Trazando mi trayectoria literaria

No disfruto con los ordenadores ni las redes sociales, me producen fobia y desconcierto. Así que muy a mi pesar, me vuelvo a encontrar atrapada en los enredos de la modernidad. ¿Y cómo dices esto si así lo estás ejecutando? Pues por la dificultad en nuestros tiempos de poder hacer llegar tu voz, silenciosa, entre los gritos apabullantes de la multitud. Una multitud egocéntrica que se desnuda sin pudor colocándose bajo el foco del escenario; todos haciendo lo mismo, sin mirarse más que a sí mismos y, no obstante, creyendo que los demás reparan atención en ellos.

Yo sé que a mí nadie me mira, solamente mi madre se desvive por ello. Y aún así llegará el día en que no quede nadie y pase al olvido, mas no me importa. El vacío, la oscuridad y la muerte no me aterran, pues para mí la muerte es vida, y nueva. Es uno de los temas que más trato en mi escritura.

Volviendo al punto: el placer de la escritura vino a mí desde los seis años, podría bajar uno tal vez sin errar. Siempre destaqué en esa área, como en las calificaciones escolares en general. Con quince comencé mi primera novela, la cual dejé hacia la mitad ¡con unas casi 400 páginas! No la volví a leer aunque la conservo con un grato afecto. A los 18 escribí la mitad de otra, más breve. Durante la adolescencia contacté con otras formas de expresión artística como el dibujo y el ballet. Por años me vi apabullada con tantas aficiones que no supe qué rumbo profesional adoptar. Lo atrasé un periodo debido a problemas de salud e inestabilidad emocional. Finalmente escogí algo práctico y que podría gustarme, en lo que trabajo actualmente, aunque lejos de mi verdadera pasión, que se marchitó.

Dormida la creación se quedó hasta 2018, momento en que atravesé por enésima vez problemas personales y tuve que dejar el trabajo. Como si de la nada hubiera emergido, las hadas que se hicieron mis amigas aquel verano de 2012, tocaron mi inspiración. Agarré del polvo aquella novela y en menos de dos meses la acabé (extensión de unas 290 páginas). Quise llevar mi sueño al máximo y me embarqué en la locura de una publicación (lo que contaré en otra entrada). En pocos meses la tuve entre mis manos, pero, la mariposa de las letras volvió a morir hasta otoño del año pasado. 

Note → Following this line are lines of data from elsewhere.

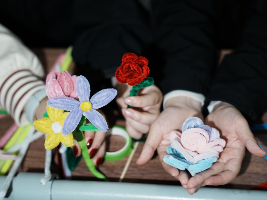 在轻松的背景音乐中,同学们自由发挥想象力,动手制作属于自己的“心灵作品”。有的同学编织出可爱的动物造型,如小兔子、小熊,象征童真与治愈;有的同学创作出花朵、彩虹等象征希望与美好的作品;还有同学以“情绪树”为主题,用不同颜色的扭扭棒代表喜怒哀乐,表达内心的情感变化;也有同学将其创作出一块小蛋糕,展现出来内心的童真童趣。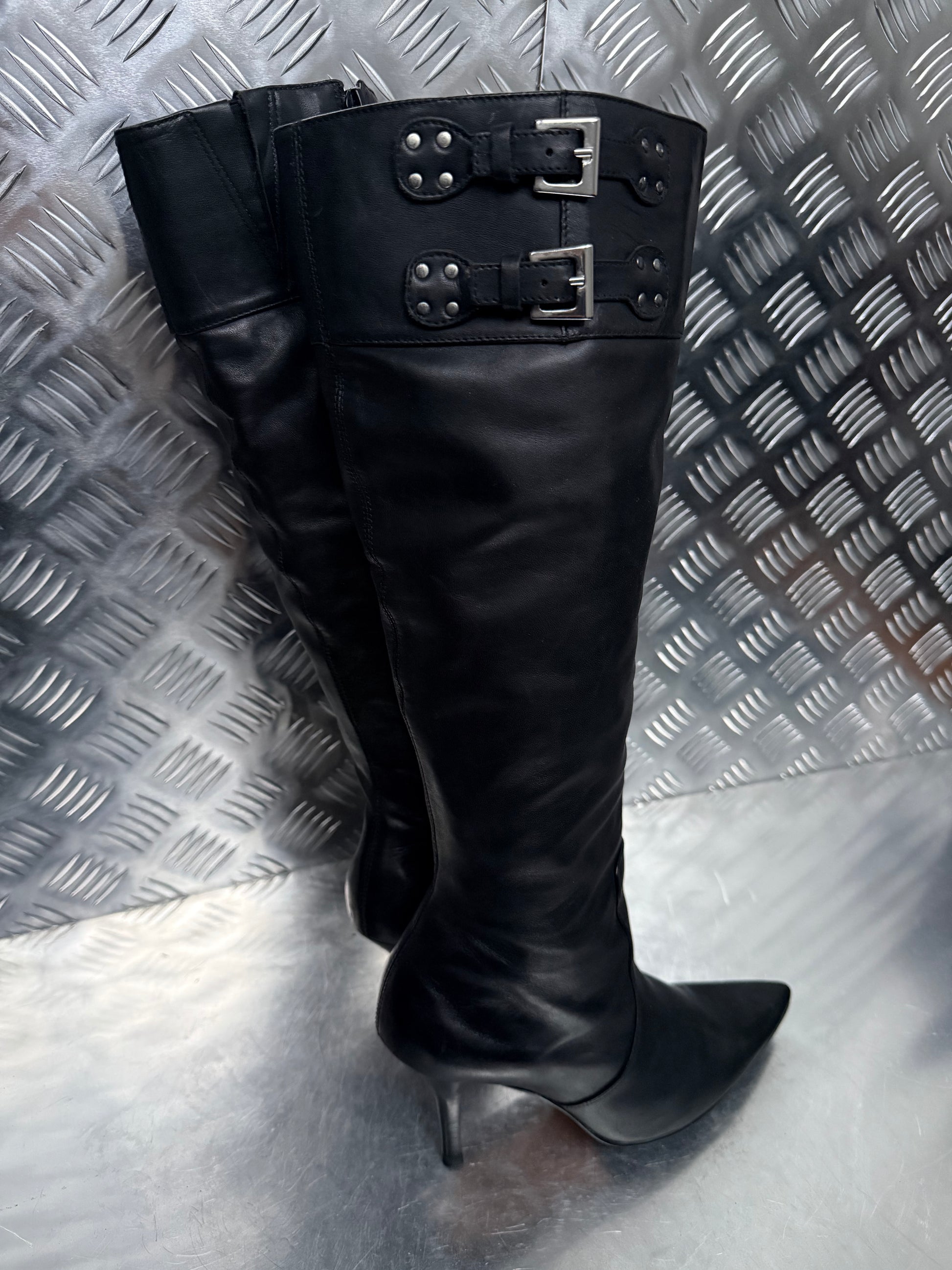 Vintage leather knee-high boots by BUFFALO with pointed toe and slim stiletto heel. Decorated with signature double buckle straps at the top. Timeless silhouette and soft leather construction. Excellent condition.
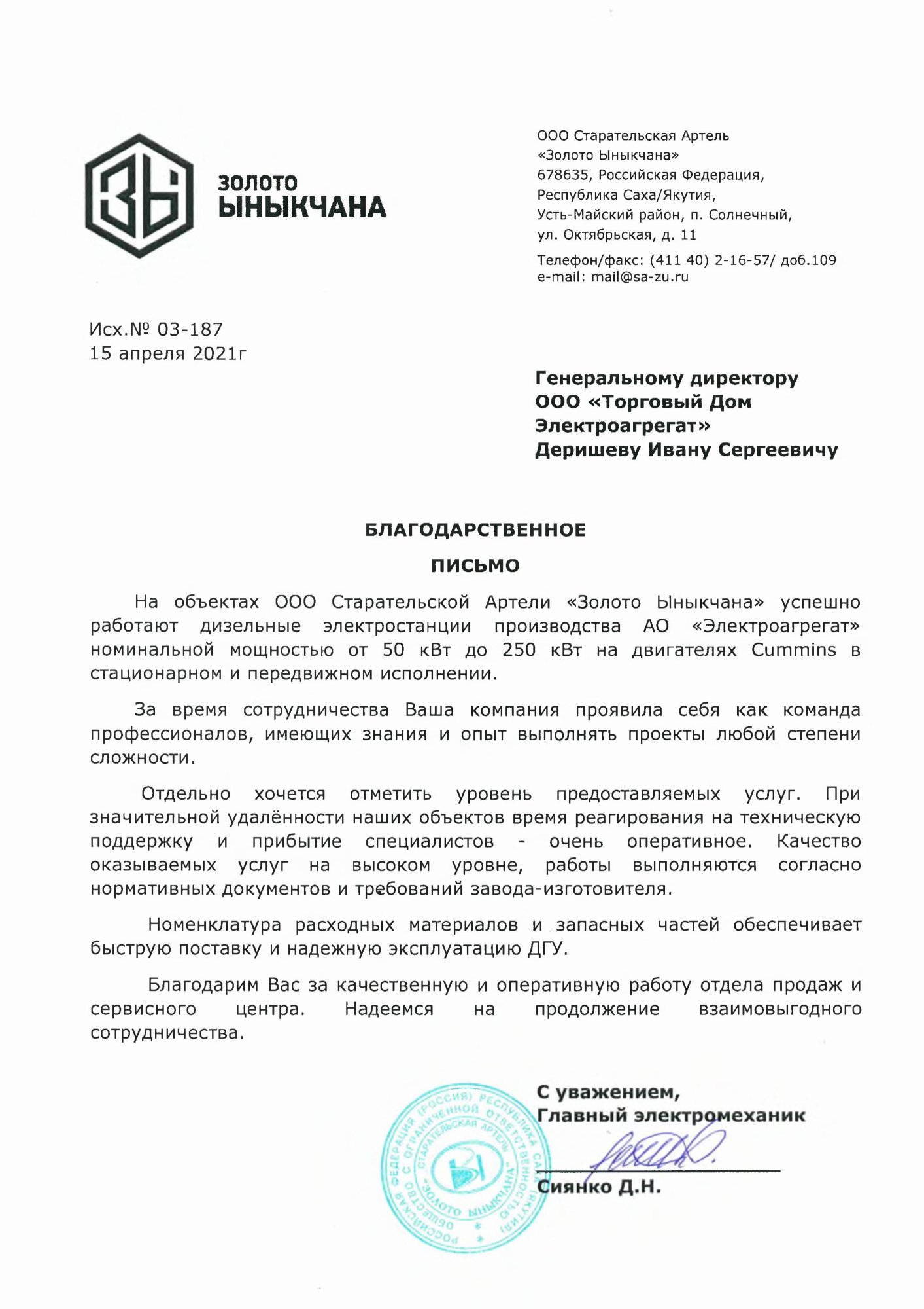 ) ) [reviewBody] => Генеральному директору завода "Торговый Дом Электроагрегат" Деришеву Ивану Сергеевичу БЛАГОДАРСТВЕННОЕ ПИСЬМО.    На объектах ООО Старательской Артели "Золото Ыныкчана" успешно работают дизельные электростанции производства завода "Электроагрегат" номинальной мощностью от 50 кВт до 250 кВт на двигателях Cummins в стационарном и передвижном исполнении.    За время сотрудничества Ваша компания проявила себя как команда профессионалов, имеющих знания и опыт выполнять проекты любой степени сложности.    Отдельно хочется отметить уровень предоставляемых услуг. При значительной удаленности наших объектов время реагирования на техническую поддержку и прибытие специалистов-очень оперативное. Качество оказываемых услуг на высоком уровне, работы выполняются согласно нормативных документов и требований завода-изготовителя.    Номенклатура расходных материалов и запасных частей обеспечивает быструю поставку и надежную эксплуатацию ДГУ.    Благодарим Вас за качественную и оперативную работу отдела продаж и сервисного центра. Надеемся на продолжение взаимовыгодного сотрудничества. С уважением, Главный электромеханик Сиянко Д.Н. ) ) )

Un mes antes de casarme, en las nuevas tierras que habitaba, decidí luchar una vez más por lo que creo "mi verdadero don". Leí acerca de los certámenes literarios y en pocos meses me presenté a varios con relatos breves. Mi impulsividad es más fuerte que mi raciocinio, y mi memoria más semejante a un invertebrado. ¡Había olvidado gran parte de las normas ortográficas, estilísticas y de puntuación! (Cabe decir que probablemente exagero, sin embargo, podía ahogarme perfectamente entre mis propias líneas y consultar el diccionario más que el móvil). Así que las desilusiones no tardaron en llegar, pero mi determinación era mayor y volví a repasar arduamente mis textos, estudiando y corrigiendo para volver a enviarlos ya pulidos a otros concursos.

Y con el esfuerzo llega la recompensa, pero eso es otra historia ☺.